My job as a business owner is to ruthlessly soulcrush the engineer in me some days.
Yes there is: if you have work to be done with a low priority and no deadline, it's perfect.
For example, I bet the EC2 bill would be cheaper than my electric bill if I wanted to run SETI@home on a bunch of instances when it dropped below a certain mark.
The tech didn't exist 2 weeks ago, but now that it does there is a whole class of problems that can be solved more easily.
I'll echo akamaka -- I like your graphs far more than timf's flash-based ones.
You might like to consider adding some indication (dotted lines, perhaps) of what the hourly rate for reserved instances is, since this should be approximately a floor on the hourly spot rate.
EDIT: Also, please adjust the vertical scaling based on the set of instances shown -- if I'm only looking at the price history for m1.small, it's silly to have it squished into the bottom 5% of the graph.
Suggestion -- use small multiples showing the data center prices on one screen, probably by making the graphs 1/4 size. Place your explanation in the space left empty since there's only (currently) 3 centers.
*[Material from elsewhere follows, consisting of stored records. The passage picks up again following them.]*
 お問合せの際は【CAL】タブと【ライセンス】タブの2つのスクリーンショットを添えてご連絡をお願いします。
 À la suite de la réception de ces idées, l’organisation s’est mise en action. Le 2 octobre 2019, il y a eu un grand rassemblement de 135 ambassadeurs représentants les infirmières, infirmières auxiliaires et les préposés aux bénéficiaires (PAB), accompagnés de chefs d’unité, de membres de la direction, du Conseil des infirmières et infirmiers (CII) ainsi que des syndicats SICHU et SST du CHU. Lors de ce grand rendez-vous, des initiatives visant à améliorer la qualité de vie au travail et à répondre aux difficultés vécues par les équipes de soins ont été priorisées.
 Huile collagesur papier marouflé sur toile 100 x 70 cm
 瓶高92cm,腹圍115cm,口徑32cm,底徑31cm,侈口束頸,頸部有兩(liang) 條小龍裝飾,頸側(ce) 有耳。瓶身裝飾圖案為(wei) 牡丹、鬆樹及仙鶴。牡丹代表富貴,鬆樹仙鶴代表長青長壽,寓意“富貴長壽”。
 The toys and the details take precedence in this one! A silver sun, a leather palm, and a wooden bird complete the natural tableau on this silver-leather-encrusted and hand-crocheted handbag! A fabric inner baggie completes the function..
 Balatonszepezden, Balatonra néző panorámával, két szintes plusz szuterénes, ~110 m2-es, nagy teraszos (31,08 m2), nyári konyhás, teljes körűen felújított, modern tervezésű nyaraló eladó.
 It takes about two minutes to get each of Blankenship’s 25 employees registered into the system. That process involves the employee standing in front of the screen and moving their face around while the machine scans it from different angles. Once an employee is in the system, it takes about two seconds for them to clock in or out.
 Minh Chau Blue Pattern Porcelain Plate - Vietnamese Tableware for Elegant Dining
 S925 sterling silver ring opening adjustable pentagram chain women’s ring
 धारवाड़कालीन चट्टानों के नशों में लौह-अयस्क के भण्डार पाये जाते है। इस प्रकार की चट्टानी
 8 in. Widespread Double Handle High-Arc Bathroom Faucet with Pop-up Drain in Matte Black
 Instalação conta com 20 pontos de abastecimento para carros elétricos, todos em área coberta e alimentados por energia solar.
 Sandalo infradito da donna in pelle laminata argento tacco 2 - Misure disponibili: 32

"A small multiple design consists of a single design repeated several times within the eyespan, each example showing a different value of the independent variable(s)."
With us-east-1.linux.m1.small prices averaging around $0.03/hour, it might make sense to just set up an instance to continuously run on spot prices instead of paying the regular $0.085/hour. It won't ever be more than $0.085/hour (otherwise users would simply switch to the standard price) and it will probably be a lot less.
Unless, of course, the spot price instances are somehow different due to their transient nature, but I don't see anything to that effect on the site. Is there some reason why this would not work?
That's what I would figure, but it also makes no sense why it would exceed the on-demand price for the same instance, except perhaps in moments of sudden demand. Maybe Amazon will intentionally make it difficult to move an instance from on-demand to spot and back to discourage this?
Spot pricing does look good when you don't need extra EC2 instances on a regular basis and when you can write restartable applications.
That said, spot prices are fairly much the same as reserved instance pricing, except with reserve instances you have an extra up front fee. I (and some of my customers) simply use reserve instances.
I also started thinking of ways to use this, but reminded myself to not get to distracted from current work.
1. Put checkboxes for every type and then combine the chart for selected types. It will be great to compare m1.small for all regions, or most cheap types in us-east-1
2. Put a chart with calculated savings: us-east-1 m1.small cost $10 but currently is trading for $5, so the chart will show you are saving %50, etc.
There is no rational reason for this.